**SOURCE DATA**
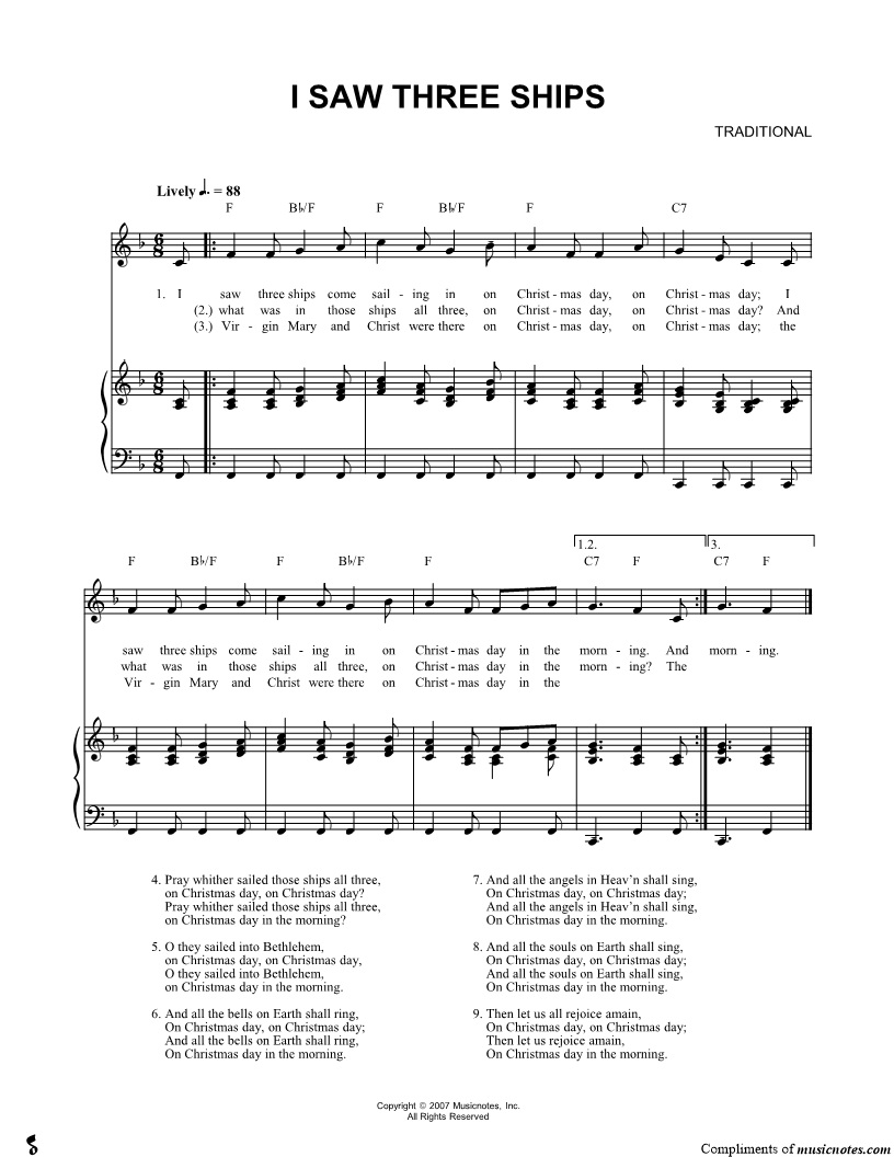 I saw three ships come sailing in on Christmas day, on Christmas day; |
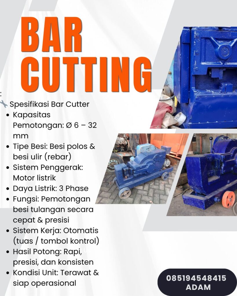 Kenapa banyak kontraktor memilih Sewa bar cutter kami? Karena unit kami dibekali mata pisau berkualitas tinggi yang sanggup memotong besi mulai dari diameter 10mm hingga 36mm tanpa kendala. Hasil potongannya sangat presisi, sehingga meminimalkan waste atau sisa besi yang terbuang sia-sia di lokasi proyek.
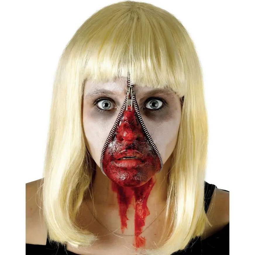Make trick-or-treaters come undone! Our Zipper Makeup Kit will transform your face into a gross display of separated skin. Kit includes a 7in long zipper, black and white makeup, two sponges, an application brush, and tubes of Spirit Gum, Spirit Gum Remover, and Bloody Scab. This makeup kit comes with easy application and removal instructions. Recommended for ages 15 and up.
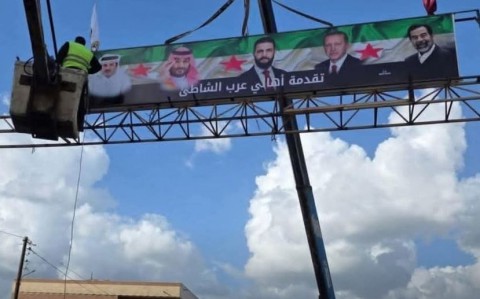 وكالة الناس -في ذكرى إسقاط نظام الرئيس السوري السابق بشار الأسد الأولى، قام سوريون في طرطوس، الإثنين، برفع لافتة كبيرة تضم صورة الرئيس العراقي الراحل صدام حسين، إلى جانب الرئيس السوري أحمد الشرع، والرئيس التركي رجب طيب أردوغان، وولي العهد السعودي الأمير محمد بن سلمان، وأمير قطر تميم بن حمد.
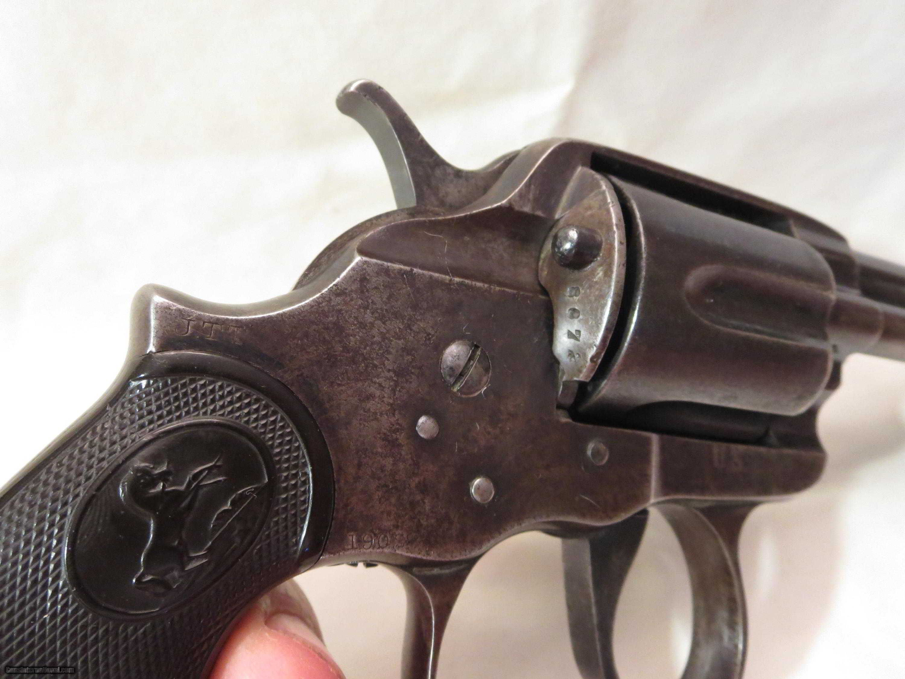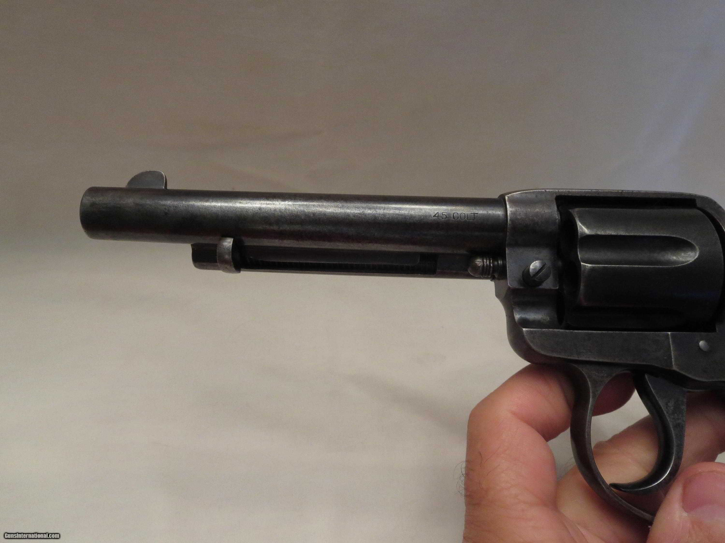 Description: "SALE PENDING" Super Price Reduction. Colt Constabulary. An excellent example of the scarce Colt Model 1878/1902 double action revolver. Comes with beautiful handmade walnut wood presentation case. This model is also referred to as the "Philippine Constabulary". See Wikipedia description below. This 6 shot revolver has a 6" barrel and is chambered for the 45 Long Colt cartridge. The bore is slightly frosted with sharp rifling and will clean up better than photos depict. Inspectors marks(RAC) are several places on pistol. Markings on the right side are 1902 and US. The serial number is 48072. Cylinder # matches frame. Excellent aging with patina finish and original blueing in concealed areas Only example that I have seen with the Colt logo on left grip frame. Most other examples have been through some sort of arsenal rework or polish that weakens stampings. Overall condition is very nice. I have fired this pistol and it functions flawlessly. The design allows some cylinder play until trigger is pulled. Then cylinder rotates timely and locks up tight during firing stage. A box of Armscor(50 rds - 6 spent) 45 LC ammo can be purchased separately. Additional photos available upon request. Please email me for any other questions you might have. NEW LAYAWAY PLANS AVAILABLE. Can email simple/honest options. WIKIPEDIA: The Colt M1878 is a DA revolver that was manufactured by Colt from 1878 to 1907. It is often referred to as the "Frontier" or the "Double Action Army" revolver. A total of 51,210 Model 1878 revolvers were manufactured from 1878 to 1907, including 4,600 for the US Ordnance Department. These are known as the "Philippine Constabulary" or "Alaskan" models. The Model 1878 had a larger frame, and is therefore sometimes referred to as the "large frame" double-action revolver. The Model 1878 was considered a more robust and reliable design than the Model 1877. In 1902, 4,600 Model 1878 revolvers were produced for a U.S. Army contract. They were intended to equip the Philippine Constabulary under Brigadier General Henry T. Allen in the Philippine Insurrection. These revolvers had a 6-inch barrel, a hard rubber grip, and were chambered for the .45 Colt round. They had a strengthened main spring and a longer trigger to give the user more leverage, resulting a larger trigger guard. The strengthened main spring was necessary to fire the .45 Government rounds with a less sensitive primer compared to the civil .45 LC ammunition. Many people have incorrectly assumed that this was to allow the revolver to be operated while wearing gloves , so "Alaskan Model" is a misnomer. Will need to be shipped to FFL via insured means. Shipping to Alaska and Hawaii will be extra. No international sales. No sales to CA. Shipping to FFL in your area preferred. SOLD Curio/Relic: Yes Manufacturer: Colt Model: 1878(1902) Phillipines Constabulary Serial Number: 48072 Caliber Info: 45 LC Condition: Good/Very Good Metal Condition: Good Bore Condition: Slight frosting Sights: Factory Manufacture Date: 1901 Case: Walnut Presentaion |
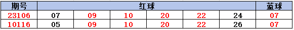 从上图清晰可见,23106期与10116期的开奖号码只有龙头和凤尾两个号码不同,中间四个红球和蓝球都是相同的。不光如此,这2组号码的和值、三区比和奇偶比都完全一致,虽然6个号码中有2个不同,但是和值加起来都是92,实在是神奇!
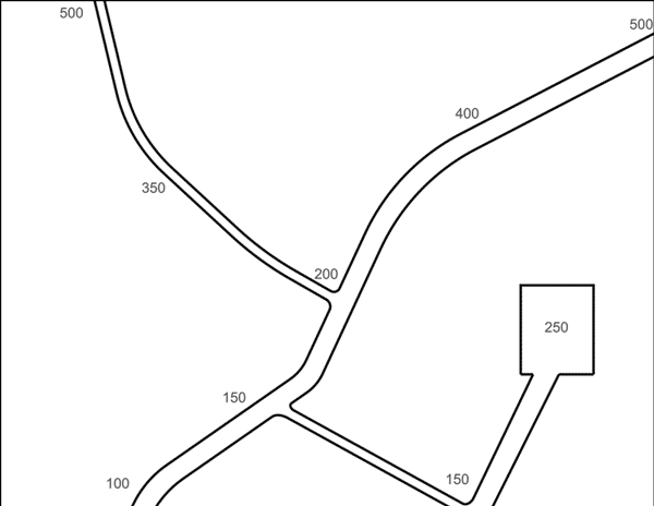 Для начала рассмотрим небольшой гипотетический план местности, представленный в виде изолиний с картой высот (рис. 1.1).
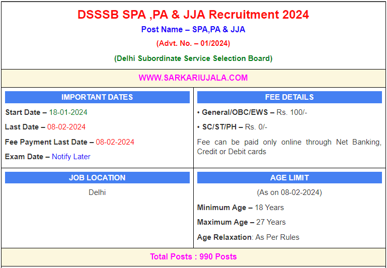 DSSSB SPA ,PA & JJA Recruitment 2024Post Name – SPA,PA & JJA(Advt. No. – 01/2024) (Delhi Subordinate Service Selection Board) | |||||
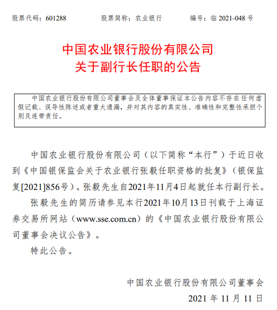 农业银行:刘晓鹏、肖翔就任非执行董事

**ABOUT THIS TASK**
Output every entry exactly, leaving out pictures.

**SOLUTION TO THIS EXERCISE**
 I saw three ships come sailing in on Christmas day, on Christmas day; |
 Kenapa banyak kontraktor memilih Sewa bar cutter kami? Karena unit kami dibekali mata pisau berkualitas tinggi yang sanggup memotong besi mulai dari diameter 10mm hingga 36mm tanpa kendala. Hasil potongannya sangat presisi, sehingga meminimalkan waste atau sisa besi yang terbuang sia-sia di lokasi proyek.
Make trick-or-treaters come undone! Our Zipper Makeup Kit will transform your face into a gross display of separated skin. Kit includes a 7in long zipper, black and white makeup, two sponges, an application brush, and tubes of Spirit Gum, Spirit Gum Remover, and Bloody Scab. This makeup kit comes with easy application and removal instructions. Recommended for ages 15 and up.
 وكالة الناس -في ذكرى إسقاط نظام الرئيس السوري السابق بشار الأسد الأولى، قام سوريون في طرطوس، الإثنين، برفع لافتة كبيرة تضم صورة الرئيس العراقي الراحل صدام حسين، إلى جانب الرئيس السوري أحمد الشرع، والرئيس التركي رجب طيب أردوغان، وولي العهد السعودي الأمير محمد بن سلمان، وأمير قطر تميم بن حمد.
 Description: "SALE PENDING" Super Price Reduction. Colt Constabulary. An excellent example of the scarce Colt Model 1878/1902 double action revolver. Comes with beautiful handmade walnut wood presentation case. This model is also referred to as the "Philippine Constabulary". See Wikipedia description below. This 6 shot revolver has a 6" barrel and is chambered for the 45 Long Colt cartridge. The bore is slightly frosted with sharp rifling and will clean up better than photos depict. Inspectors marks(RAC) are several places on pistol. Markings on the right side are 1902 and US. The serial number is 48072. Cylinder # matches frame. Excellent aging with patina finish and original blueing in concealed areas Only example that I have seen with the Colt logo on left grip frame. Most other examples have been through some sort of arsenal rework or polish that weakens stampings. Overall condition is very nice. I have fired this pistol and it functions flawlessly. The design allows some cylinder play until trigger is pulled. Then cylinder rotates timely and locks up tight during firing stage. A box of Armscor(50 rds - 6 spent) 45 LC ammo can be purchased separately. Additional photos available upon request. Please email me for any other questions you might have. NEW LAYAWAY PLANS AVAILABLE. Can email simple/honest options. WIKIPEDIA: The Colt M1878 is a DA revolver that was manufactured by Colt from 1878 to 1907. It is often referred to as the "Frontier" or the "Double Action Army" revolver. A total of 51,210 Model 1878 revolvers were manufactured from 1878 to 1907, including 4,600 for the US Ordnance Department. These are known as the "Philippine Constabulary" or "Alaskan" models. The Model 1878 had a larger frame, and is therefore sometimes referred to as the "large frame" double-action revolver. The Model 1878 was considered a more robust and reliable design than the Model 1877. In 1902, 4,600 Model 1878 revolvers were produced for a U.S. Army contract. They were intended to equip the Philippine Constabulary under Brigadier General Henry T. Allen in the Philippine Insurrection. These revolvers had a 6-inch barrel, a hard rubber grip, and were chambered for the .45 Colt round. They had a strengthened main spring and a longer trigger to give the user more leverage, resulting a larger trigger guard. The strengthened main spring was necessary to fire the .45 Government rounds with a less sensitive primer compared to the civil .45 LC ammunition. Many people have incorrectly assumed that this was to allow the revolver to be operated while wearing gloves , so "Alaskan Model" is a misnomer. Will need to be shipped to FFL via insured means. Shipping to Alaska and Hawaii will be extra. No international sales. No sales to CA. Shipping to FFL in your area preferred. SOLD Curio/Relic: Yes Manufacturer: Colt Model: 1878(1902) Phillipines Constabulary Serial Number: 48072 Caliber Info: 45 LC Condition: Good/Very Good Metal Condition: Good Bore Condition: Slight frosting Sights: Factory Manufacture Date: 1901 Case: Walnut Presentaion |
 从上图清晰可见,23106期与10116期的开奖号码只有龙头和凤尾两个号码不同,中间四个红球和蓝球都是相同的。不光如此,这2组号码的和值、三区比和奇偶比都完全一致,虽然6个号码中有2个不同,但是和值加起来都是92,实在是神奇!
 Для начала рассмотрим небольшой гипотетический план местности, представленный в виде изолиний с картой высот (рис. 1.1).
 DSSSB SPA ,PA & JJA Recruitment 2024Post Name – SPA,PA & JJA(Advt. No. – 01/2024) (Delhi Subordinate Service Selection Board) | |||||
 农业银行:刘晓鹏、肖翔就任非执行董事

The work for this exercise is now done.